• [Aim of the task]
Entries below include pictures. Output exactly the lines from the one with "Banks is interesting." down to the one with "PHOEBE PHILO Light", both ends included, and leave the pictures out.

• [Data provided]
▼▼▼

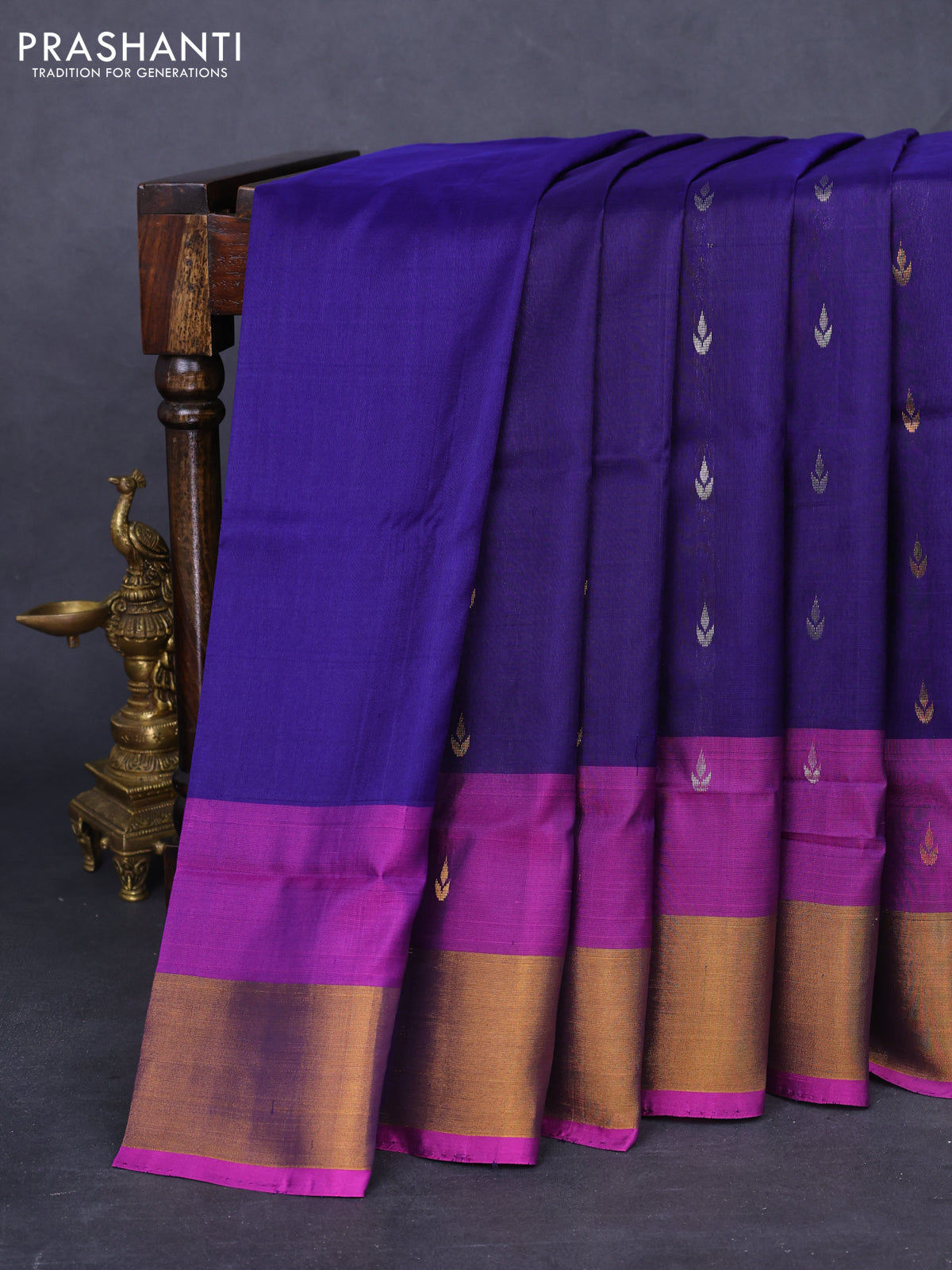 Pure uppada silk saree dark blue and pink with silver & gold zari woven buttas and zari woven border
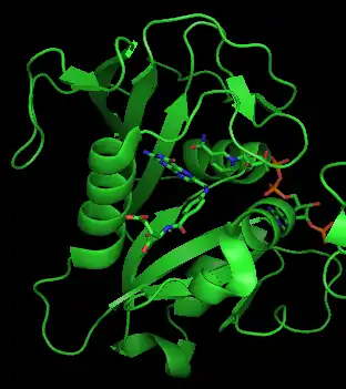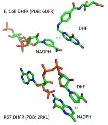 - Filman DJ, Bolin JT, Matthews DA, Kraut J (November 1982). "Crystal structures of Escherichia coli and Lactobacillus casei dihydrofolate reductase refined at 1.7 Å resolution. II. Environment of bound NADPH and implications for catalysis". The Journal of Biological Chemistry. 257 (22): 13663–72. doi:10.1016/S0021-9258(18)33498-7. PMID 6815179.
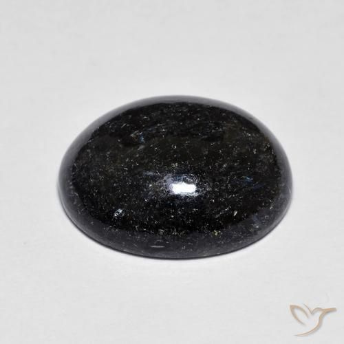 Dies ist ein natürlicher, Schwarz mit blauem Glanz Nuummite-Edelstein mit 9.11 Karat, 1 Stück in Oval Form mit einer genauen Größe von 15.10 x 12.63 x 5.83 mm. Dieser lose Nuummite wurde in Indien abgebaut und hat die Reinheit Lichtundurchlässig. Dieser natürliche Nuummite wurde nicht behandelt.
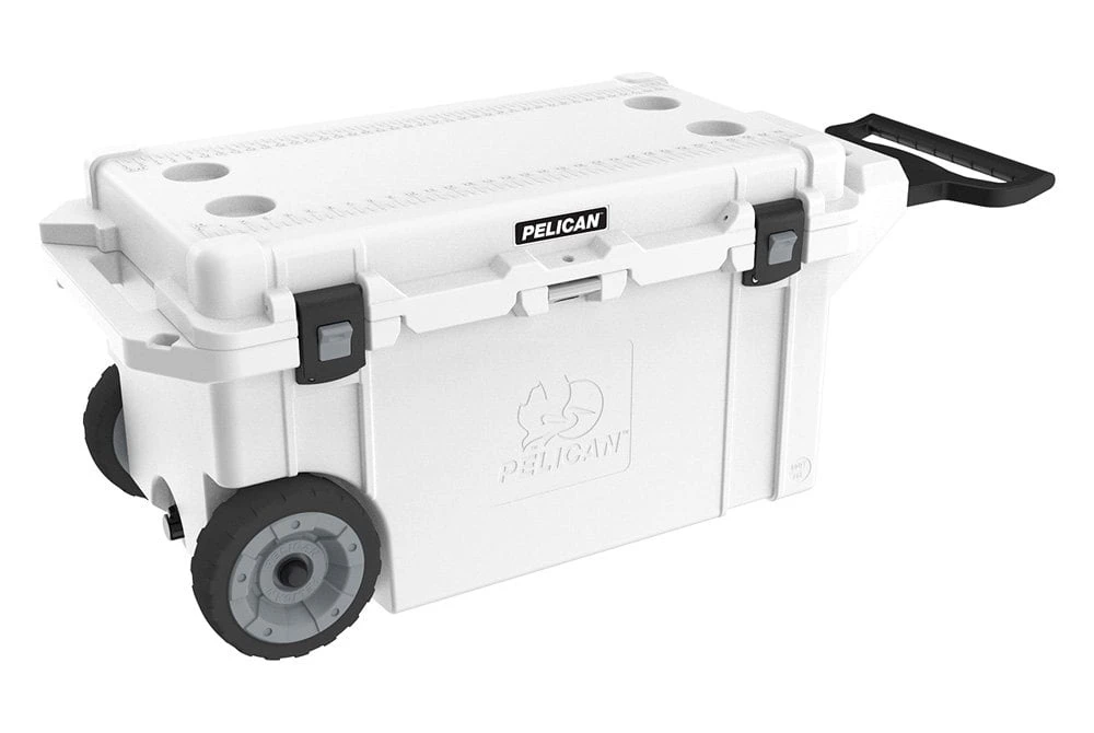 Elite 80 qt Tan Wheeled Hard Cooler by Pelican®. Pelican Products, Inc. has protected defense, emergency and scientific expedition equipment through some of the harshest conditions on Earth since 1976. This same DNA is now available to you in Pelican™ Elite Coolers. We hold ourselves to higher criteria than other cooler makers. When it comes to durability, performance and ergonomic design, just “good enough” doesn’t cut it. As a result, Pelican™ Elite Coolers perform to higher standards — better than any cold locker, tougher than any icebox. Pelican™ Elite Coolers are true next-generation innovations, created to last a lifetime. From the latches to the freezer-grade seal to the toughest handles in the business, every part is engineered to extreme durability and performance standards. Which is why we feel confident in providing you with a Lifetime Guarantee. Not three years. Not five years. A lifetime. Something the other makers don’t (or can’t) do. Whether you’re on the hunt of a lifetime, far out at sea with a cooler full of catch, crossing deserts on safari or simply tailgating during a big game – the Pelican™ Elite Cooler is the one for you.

▲▲▲
▼▼▼

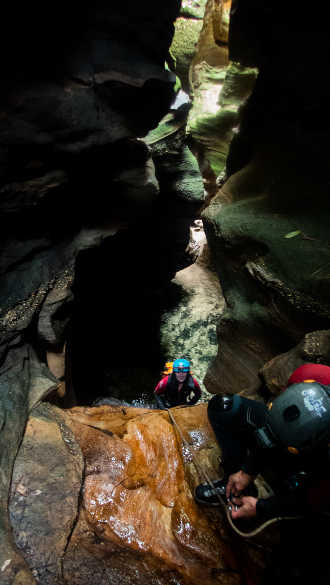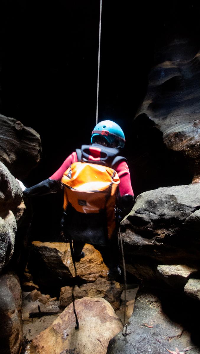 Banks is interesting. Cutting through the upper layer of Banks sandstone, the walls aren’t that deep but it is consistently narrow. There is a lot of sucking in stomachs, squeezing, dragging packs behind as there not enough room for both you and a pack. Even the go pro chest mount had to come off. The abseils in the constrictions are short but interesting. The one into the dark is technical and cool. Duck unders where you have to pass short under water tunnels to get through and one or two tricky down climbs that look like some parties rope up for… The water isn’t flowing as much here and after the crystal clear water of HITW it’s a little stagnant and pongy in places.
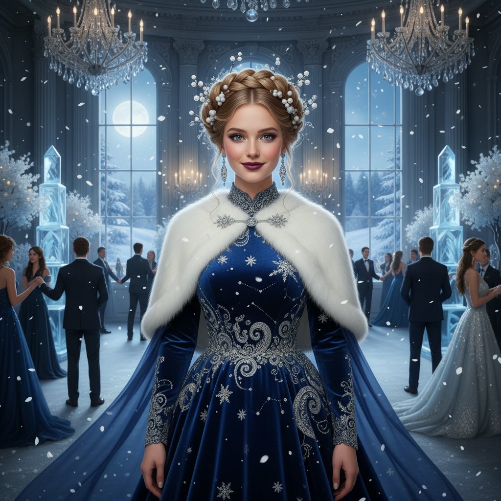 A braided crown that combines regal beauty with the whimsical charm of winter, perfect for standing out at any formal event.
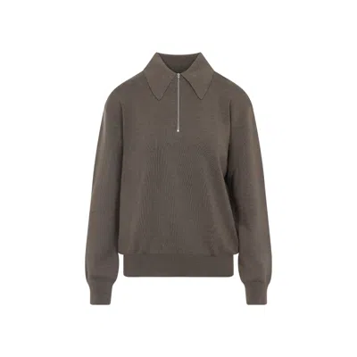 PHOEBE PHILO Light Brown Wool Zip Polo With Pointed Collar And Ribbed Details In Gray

▲▲▲

• [Completed task]
 Banks is interesting. Cutting through the upper layer of Banks sandstone, the walls aren’t that deep but it is consistently narrow. There is a lot of sucking in stomachs, squeezing, dragging packs behind as there not enough room for both you and a pack. Even the go pro chest mount had to come off. The abseils in the constrictions are short but interesting. The one into the dark is technical and cool. Duck unders where you have to pass short under water tunnels to get through and one or two tricky down climbs that look like some parties rope up for… The water isn’t flowing as much here and after the crystal clear water of HITW it’s a little stagnant and pongy in places.
 A braided crown that combines regal beauty with the whimsical charm of winter, perfect for standing out at any formal event.
 PHOEBE PHILO Light Brown Wool Zip Polo With Pointed Collar And Ribbed Details In Gray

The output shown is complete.